Bill Clinton’s thriller The President Is Missing is incredibly, almost charmingly, silly
For his first novel, President Bill Clinton, along with fiction factory James Patterson, has written a trashy, trashy-fun airport potboiler. It is called The President Is Missing, and it is about an eyebrow-raisingly noble hero president who sneaks out of the White House in order to foil a threatened cyber attack of devastating proportion.
What should a reader make of this? On one hand, remove the context of its novelist-in-chief co-author and, sure, fans of this kind of book will probably be satisfied with this one. The plot clips along on short chapters and frequent cliffhangers, and there aren’t huge, embarrassing whiffs in the prose. (Though references to an assassin’s breasts—at various times described as her “boobs” and her “girls”—are particularly icky given Clinton’s inability to own up to his history.)
Patterson is hardly an exemplary stylist, but he knows how to structure and pace these things to get the job done. Pretty much every development is preposterous (ignore the claims that this is the inside scoop on espionage from a man with top-secret clearance; there’s nothing in here on government secrets, dynamics, or processes that couldn’t have been learned with modest research), but enjoyably so. That this is what Clinton, a well-read man in both history and literature, wanted to spend time on is kind of endearing, as though he were sheepishly showing off his train set.
On the other hand, you can’t remove the context of the former president writing this book. What to make of the fact that the terrorist antagonist gropes women as a sign of his evil? Should we read anything into how, in The President Is Missing, the first lady is dead? And what about the fact that Clinton describes his protagonist as “a war hero with rugged good looks and a sharp sense of humor” who had “probably the fastest rise to team leader in Bravo Company history” and is told, “I’m not saying this because I love you—there is no one I’d rather have in charge right now”? President Jonathan Duncan is a combination of Michael Douglas in The American President and Harrison Ford in Air Force One; his only flaw is he’s a “shitty politician,” meaning he’s simply unable to make political considerations, as he’s too focused on doing what’s right. All this would be escapism in any other author’s hands, but seems intriguingly like wish fulfillment here. Is Clinton, whose tenure is nestled in the relatively quiet years between the Cold War and the War On Terror, fantasizing about what he could’ve accomplished had a major crisis given him a mandate to make sweeping changes?
Reading between these lines is more fun than reading the lines themselves, as the details of the plot come standard issue from the genre. Just as Dan Brown gave readers an albino assassin in one book and then a heavily tattooed one in the next, Clinton and Patterson here create a killer (the best in the world, of course) whose sole traits, beyond her professionalism and perky boobs, are her vegetarianism and her love of Bach. The big twists of Missing, if not the details, can be called before page 100; turns out having access to the greatest intelligence-gathering operation the world has ever known doesn’t mean you can avoid clichés. There’s even a digital countdown timer that may or may not get stopped with one second remaining.

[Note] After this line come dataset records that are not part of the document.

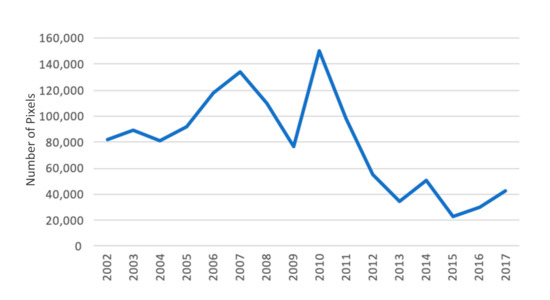 Using the MODIS data fire mask (Figure 6), the analysis showed that there was a total of over 426,000,500 m burned pixels representing fire events in SP between 2002 and 2017, corresponding to approximately 126,393,030 m burned pixels on the classification layers. Despite the numbers of fire events, the total percentage of burned land per year, based on pixel count, is low. The count of burned pixels represented 5% or less of all the pixels in SP. There appeared to be a steady upward trend in the number of fire events observed from 2002 to 2008 (3–4%), followed by a brief dip in 2009. The next year, 2010, showed the highest number of burned pixels across all years of the study period (5%). Each of the years since 2010 showed a decline in the number of burned pixels, although there was a small spike in the 2017 (Figure 7). Throughout the entire study period, on average 2.6% of the total land cover was burned, and after 2011, the burned area was consistently less than 2% of the total area of SP.
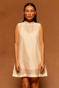 The Mu-I Shift Dress exudes effortless charm with itsgathered neckline, soft striped pattern, and relaxedhemline. Crafted from lightweight chanderi fabric, thisdress offers a breezy, comfortable fit perfect for warmweather. Its simplicity and understated elegance makeit a versatile piece, ideal for casual outings or summergatherings, embracing ease and sophistication in everywear.
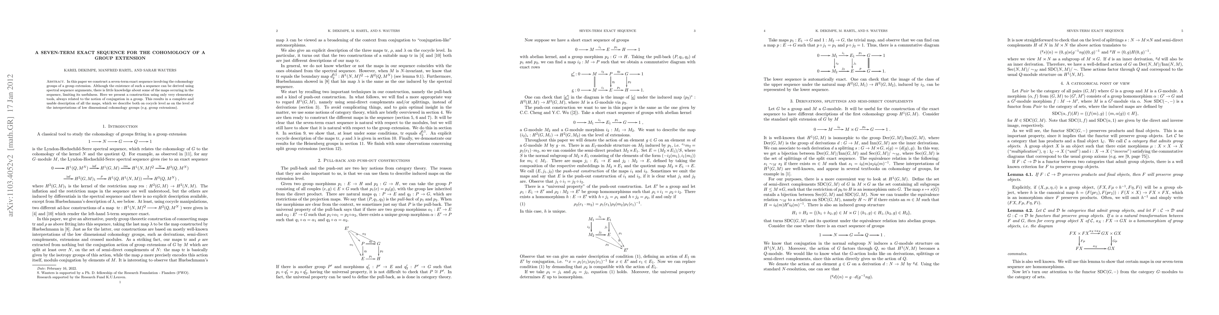 This paper constructs a seven-term exact sequence for the cohomology of a group extension using elementary tools related to conjugation. It provides a complete and usable description of all maps involved, enhancing understanding on both cocycle and low-dimensional cohomology group levels.
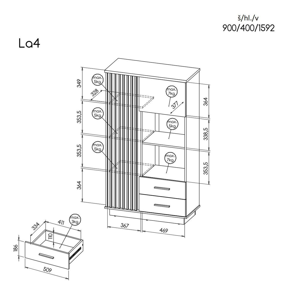 Comodă typ LA4 Laticia (negru mat + Stejar wotan)
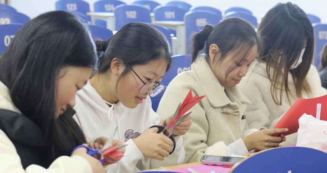 学院组织现场女生开展手工DIY剪纸活动,桌上摆满了鲜艳的彩纸和剪刀等工具,有的学生眉头紧皱,思考着剪纸的图案设计,有的则与旁边的同学交流看法。剪纸作品慢慢增多,有漂亮的雪花,有鲜艳的花朵等,师生们在创作中感受艺术魅力,相互分享自己的创作成果,同时也在传递着心里的那一份喜悦,女生们丰富的想象力、创造力得到了充分展示。同学们渐渐敞开心扉,踊跃发言,就目前感到困扰的人际关系、心理情绪和职业生涯发展规划问题向老师提出了疑问。三位老师认真聆听,现场耐心细致地解答同学们的疑问。活动最后,大家拿着自己的作品合影,师生间的情谊在这一刻被永远定格。
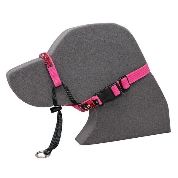 The BlackDog Training Halter - Medium Red is a classic style halter that connects to the lead under the dog's jaw, making it a popular choice among trainers for over five years. This halter features a dynamic design that moves with your dog, keeping the Nose Bridge strap in a comfortable position. This prevents it from riding up close to the dog's eyes, ensuring a more comfortable fit for the dog.
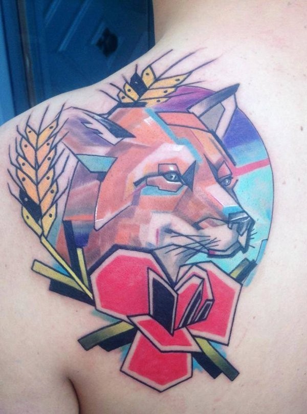 肩部彩色简单的几何风格狐狸和花纹身
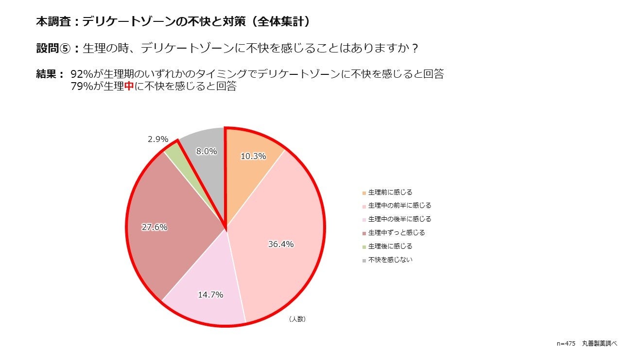 生理の際、デリケートゾーンに不快を感じるかとそのタイミングについて質問しました。その結果、92%の方が生理期のいずれかのタイミングで不快を感じると回答しました。また、79%の方は特に生理中に不快を感じていると回答しました。
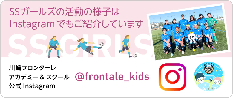 - 川崎フロンターレSSガールズとして選手登録を行いますので、部活動を含め他チーム・他クラブとの二重登録はできません
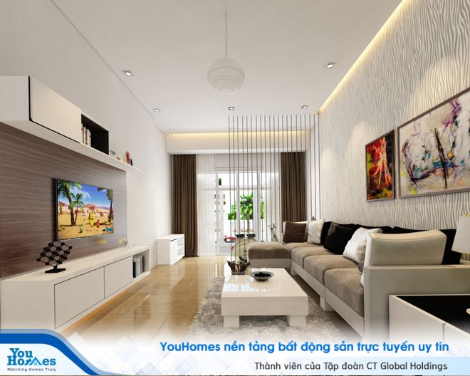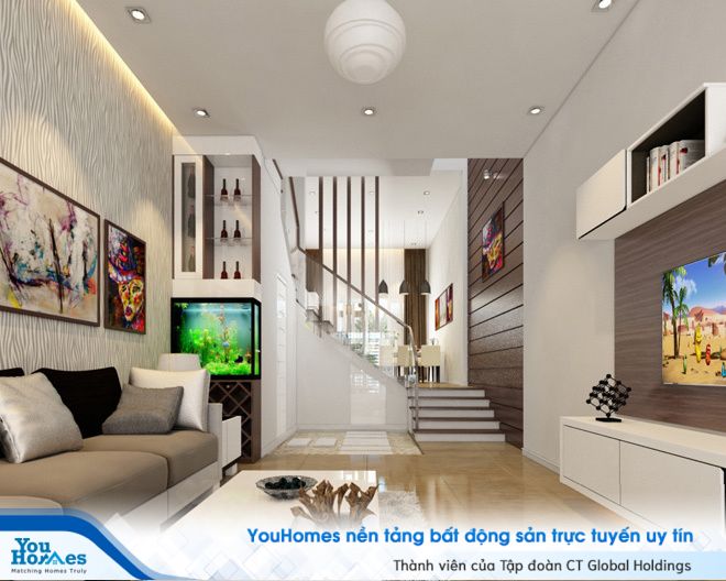 Phòng khách hiện đại với gam màu chủ đạo là màu trắng kết hợp với sàn màu nâu mang đến cảm giác sang trọng và tinh tế. Bộ sofa kê sát tường đối diện kệ tivi giúp tiết kiệm không gian, tạo lối đi rộng cho phòng khách. Kệ tivi có các ngăn có thể chứa được các vật dụng nhỏ giúp căn phòng ngăn nắp hơn. Bức tranh nghệ thuật tạo điểm nhấn đặc sắc cho phòng khách. Bể cá vừa có tác dụng trang trí phòng khách thêm sinh động còn còn tốt cho phong thủy của phòng khách mang nhiều sinh khí tốt, hút tài lộc vào nhà.
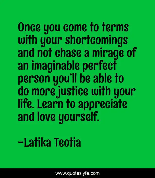 This page presents the quote "Once you come to terms with your shortcomings and not chase a mirage of an imaginable perfect person you’ll be able to do more justice with your life. Learn to appreciate and love yourself.". Author of this quote is Latika Teotia. This quote is about be-yourself, shortcomings, appreciate, life-lessons, love-yourself,.
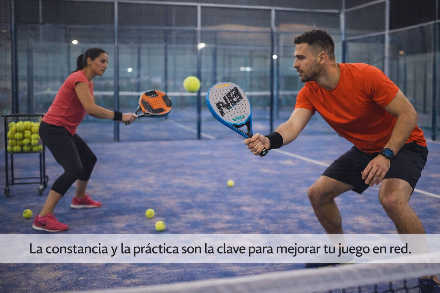 Practica voleas repetitivas con carro de bolas, alternando derecha y revés, y trabaja la coordinación con tu pareja.
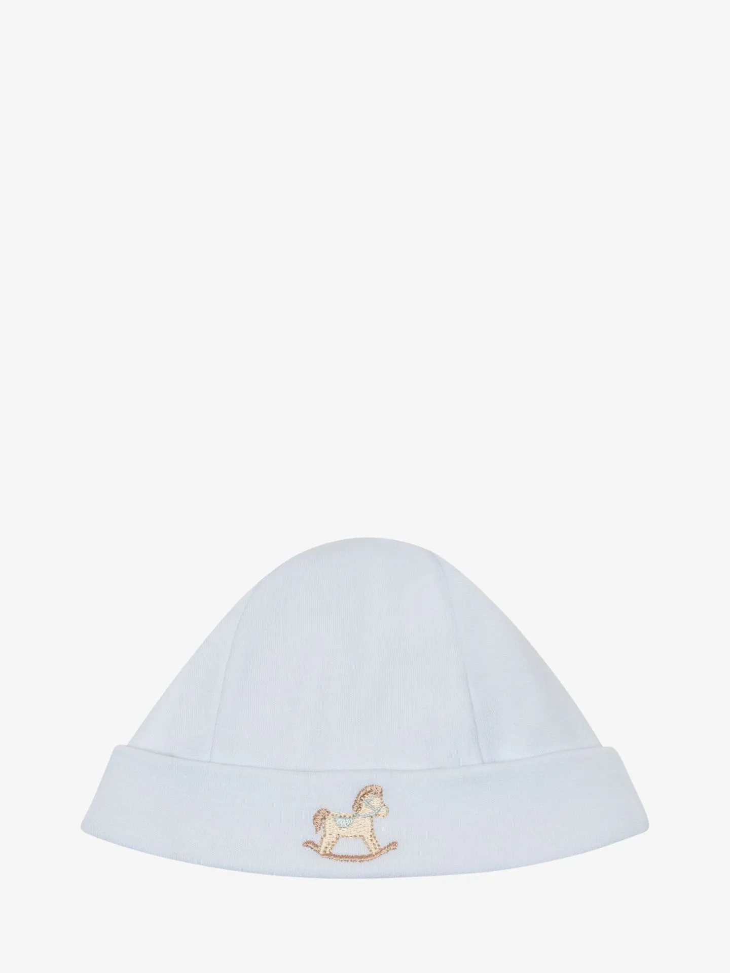 Katoenen mutsje van het merk Baby Gi. Het zachte klassieke mutsje heeft een geborduurd Hobbelpaard logo aan de voorzijde. Combineer de muts met het bijpassende boxpakje voor een complete look.
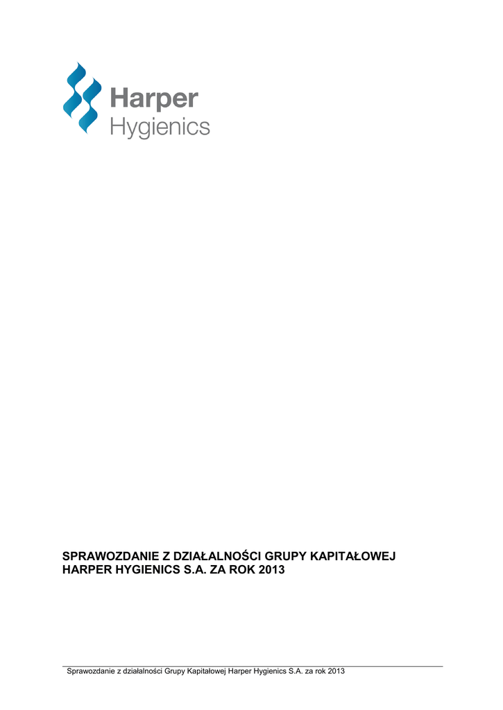 Sprawozdanie z działalności Grupy Kapitałowej Harper Hygienics S.A. za rok 2013
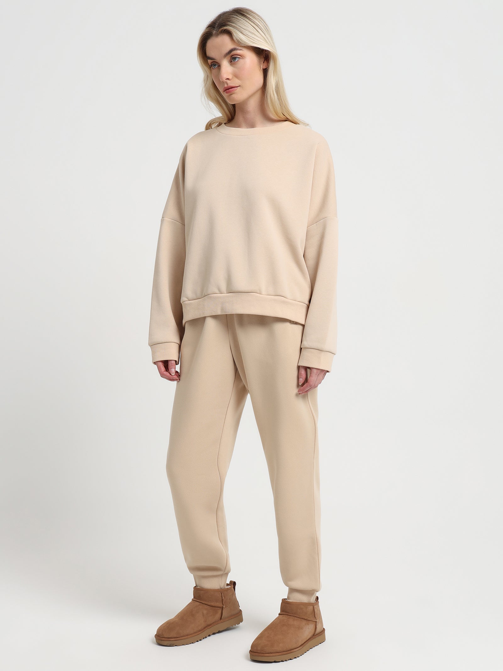 Super comfortable, warm and love the colour. Runs true to size. Purchased with the matching stone sweat and love the look.
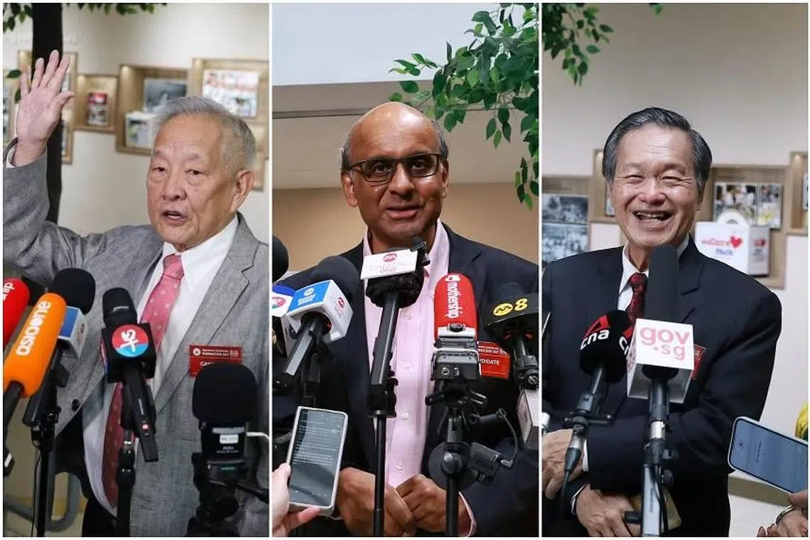 Mantan ketua pegawai pelaburan GIC, Encik Ng, 75 tahun, merupakan yang pertama tiba, diikuti dengan mantan ketua eksekutif NTUC Income, Encik Tan, juga 75 tahun, dan kemudian mantan Menteri Kanan, Encik Tharman, 66 tahun.

There’s certainly a novelty to this kind of pop culture ephemera coming from an historic figure, as though Reagan had waited until he left the White House to pursue his acting dreams. But diverting though it may be, nothing in it is lasting, down to the calls for bipartisanship and complaints about the politicians who are way less shitty than Duncan. (“That kind of oversimplification epitomizes everything that’s wrong with our politics,” he bellows about the unnamed opposition party at one point.) Clinton was famously a fan of fast food, and the sense one gets from this book is that he’s indulging that same appetite for something cheap and disposable, just in literary form.